Assim como a protagonista, Cara Gente Branca parece estar confrontando a ideia de ser definida por manifestações monotemáticas. Sam não quer se tornar uma “figura” tão restrita e simbólica como Rikki Carter (a personagem de Tessa Thompson), assim com a série em si também não parece estar satisfeita em apenas ser lembrada por sua abordagem provocativa, uma vez que possui personagens cujas identidades vão além de suas convicções e ideais, ou seus papéis representativos dentro de alguma polêmica.

Quase todos os personagens acabam se encontrando em novas circunstâncias que exigem reformulações pessoais. Reggie (Marque Richardson) está longe de ser o mesmo ativista obstinado que era, agora que encontrou um meio de se dedicar ao seu desenvolvimento pessoal. Troy (Brandon P Bell) se mostra ainda mais alterado, agora que está tentando encontrar sua voz cômica com os membros da revista Pastiche, mas acaba percebendo os perigos e malefícios de uma “sátira segura”. 

Coco (Antoinette Robertson), por sua vez, continua sendo tão ambiciosa como sempre foi, mas o peso de cada experiência continua alterando a maneira como a personagem encara suas próprias ambições e expectativas (a personagem imaginária que a acompanha é uma produtiva representação visual deste desenvolvimento). De forma descomplicada, esta temporada dedica boa parte de seu tempo a apenas acompanhar seus personagens em suas vidas universitárias. 

Considerando todo o material político que poderia ser discutido por aqui (e que muitos poderiam esperar que fosse discutido, depois da segunda temporada), chega a ser deslumbrante ver como Cara Gente Branca acaba incluindo suas reflexões de forma muito mais sutil e subjetiva, desta vez. Pelo menos, até chegarmos à reta final deste terceiro volume, que decide aproveitar o momento de auto-reflexão para retratar questões envolvendo possíveis ignorâncias e descasos dentro do próprio grupo. A questão destes últimos episódios, envolvendo o assédio sexual de um professor, acaba não sendo necessariamente a denúncia do assédio em si (como se propõe em diversas obras desta era do #MeToo), mas sim a perspectiva desta comunidade diante de uma acusação a um de seus membros mais admirados. 

O resultado desta jornada acaba sendo um mosaico de tramas menos empolgantes ou intrigantes do que tínhamos, até então. Também não se percebe a mesma excentridade narrativa que permeava as temporadas anteriores da série, deixando de lado as execuções mais mirabolantes ou surrealistas. Os espectadores que acompanhavam Cara Gente Branca justamente pelo choque ou pela provocação também podem se sentir menos impactados ao longo desta nova temporada.

E apesar da conclusão indicar que Sam estaria melhor resolvida para encarar o próximo ano com mais determinação, não tenho certeza de que a série acredita que retomar suas abordagens originais seria o melhor caminho. Ao invés disso, parece que estamos diante de uma produção que está constantemente se esforçando para não ser apenas mais um grito de indignação, ou uma denúncia da realidade em que vivemos. 

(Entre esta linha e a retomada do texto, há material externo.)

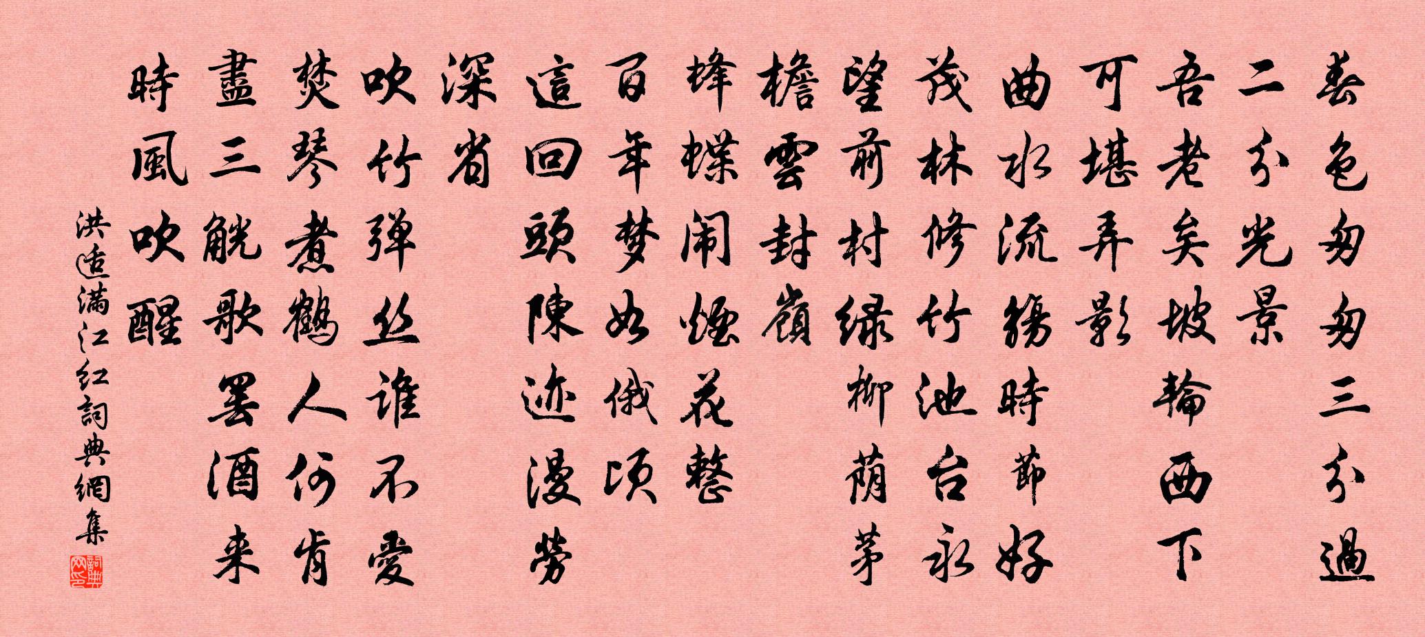 詩詞名句歷史字典書法欣賞書法字典國語詞典說文解字康熙字典古漢語字典標 題 作 者 詩 句 滿江紅作者:洪适 朝代:宋代滿江紅原文春色匆匆,三分過、二分光景。吾老矣,坡輪西下,可堪弄影。曲水流觴時節好,茂林修竹池台永。望前村、綠柳蔭茅檐,雲封嶺。蜂蝶鬧,煙花整。百年夢,如俄頃。這回頭陳跡,漫勞深省。吹竹彈絲誰不愛,焚琴煮鶴人何肯。盡三觥、歌罷酒來時,風吹醒。詩詞問答問:滿江紅的作者是誰?答:洪适問:滿江紅寫於哪個朝代?答:宋代問:滿江紅是什麼體裁?答:詞洪适滿江紅書法欣賞滿江紅書法作品詩詞推薦謝人惠紙齊己〔唐代〕烘焙幾工成曉雪,輕明百幅疊春冰。何消才子題詩外,分與能書貝葉僧。疾邪詩趙壹〔兩漢〕河清不可恃,人命不可延。順風激靡草,富貴者稱賢。文籍雖滿腹,不如一囊錢。伊優北堂上,骯髒倚門邊。秀實長子玉麟期晬葉茵〔宋代〕門左篷弧喜事新,四朝先佛慶生辰。嶢嶢已露峙頭玉,表表因名系角麟。鼻祖同庚光後葉,卯君著瑞定前身。我來和酬何泳推官見贈魏野〔宋代〕杜牧科名李賀曹,初官花幙莫辭勞。年顏不似詩情老,公器還如酒戶高。我稱臥遊藍碧嶂,君宜立近赭黃袍。雅章水龍吟(春晚留別故人)張炎〔宋代〕亂紅飛已無多,艷游終是如今少。一番雨過,一番春減,催人漸老。倚檻調鶯,捲簾收燕,故園空杳。奈關愁不住謁文公上方杜甫〔唐代〕野寺隱喬木,山僧高下居。石門日色異,絳氣橫扶疏。窈窕入風磴,長蘆紛卷舒。庭前猛虎臥,遂得文公廬。俯視贈太素脈王道人為端夫病起解嘲舒邦佐〔宋代〕按指如醫細切膚,對人便肯說榮枯。我今跳出榮枯外,試問先生脈得無。淮西有答張詠〔宋代〕天教明道知經綸,只在尊君兼庇民。鶴板未徵身且賤,輕車素佩紅塵。飄飄颻颻齊與魯,半醉半醒陳復楚,夜倚四頌古釋道顏〔宋代〕人貧多智短,馬瘦見毛長。獨宿雙峰寺,同焚一炷香。寓泊鄭圃寄獻昌言舍人司馬光〔宋代〕旅食繅衣館,飄蓬怳自迷。樹橫寒霧遠,山隱古原低。愁暮空庭雀,驚晨別野雞。故人何處在,依約玉繩西。挽歐陽夫人許氏二首黃公度〔宋代〕斷機貽子訓,截髮具賓盤。異數行開邑,他鄉忽蓋棺。薤歌春日晚,萱樹北堂寒。蕭瑟青門道,萊衣淚不乾。頌古五首釋彥岑〔宋代〕一橈打著這瞎漢,堪笑令猶行一半。竿頭比重線約鯨波,趯浪拿雲猶是鈍。寄令狐揆二首宋祁〔宋代〕紫漢參橫宿霧收,煙江南渡悵夷猶。夢中未省能知路,天上何緣許寄愁。豈有文鱗憑遠客,枉緣香杜怨芳洲。遙知夜宿青原寺感懷文天祥〔宋代〕松風一榻雨蕭蕭,萬里封疆夜寂寥。獨坐瑤琴悲世慮,君恩猶恐壯懷消。病中次務觀通判韻周必大〔宋代〕老眼亂蟬翼,樂事嘆何有。經年不銜杯,更暇問濡首。愛山空在山,擿埴詎容走。塵埃登高帽,生澀彈棋手。三年酌酒與裴迪王維〔唐代〕酌酒與君君自寬,人情翻覆似波瀾。白首相知猶按劍,朱門先達笑彈冠。草色全經細雨濕,花枝欲動春風寒。世事偈頌六十八首釋法薰〔宋代〕有路可行,更高也上。須彌燈王。退身合掌。山居即事余觀復〔宋代〕密竹環茆舍,應無俗士過。睡濃嫌日出,坐久厭塵多。斗雀翻危葉,飢鵝唼短莎。世塗真九曲,奔走欲如何。贈城郭道士孟郊〔唐代〕望里失卻山,聽中遺卻泉。松枝休策雲,藥囊翻貯錢。曾依青桂鄰,學得白雪弦。別來意未回,世上為隱仙。用戴帥初韻寄孫常州陳著〔宋代〕溪繞山園楊柳遮,戰蝸國里退閒家。兒孫滿眼堂萬卷,賓客多賢館五花。立腳東皋看倦鳥,回頭溫水笑跳蟆。相知名句推薦卻下水晶簾,玲瓏望秋月。李白《玉階怨》 況復煩促倦,激烈思時康。杜甫《夏夜嘆》 庸愚足以覆事;精明亦足以覆事。王永彬《圍爐夜話·第五九則》 溪谷少人民,雪落何霏霏!曹操《苦寒行》 忘身辭鳳闕,報國取龍庭。王維《送趙都督赴代州得青字》 玉樹歌殘王氣終,景陽兵合戍樓空。許渾《金陵懷古》 揚子江頭楊柳春,楊花愁殺渡江人。鄭谷《淮上與友人別》 驅馬天雨雪,軍行入高山。杜甫《前出塞九首》 吾日三省吾身:為人謀而不忠乎?與朋友交而不信乎?傳不習乎?孔子弟子《論語·學而篇》 君子立身,雖雲百行,唯誠與孝最為其首。魏徵《隋書·帝紀·卷二》

E com o mistério da sociedade secreta tomando proporções ainda maiores, a quarta temporada de Cara Gente Branca pode acabar se deparando com questões ainda mais delicadas, abordando o “sistema” (com ares conspiratórios) como o tópico mais relevante a ser discutido, quando se fala de políticas raciais. Agora que a série teve espaço para respirar e refletir, nos resta torcer que os roteiristas estejam tão revigorados quanto a protagonista, e que esta narrativa tenha uma conclusão em mente para o que pretende dizer com suas maquinações metalinguísticas.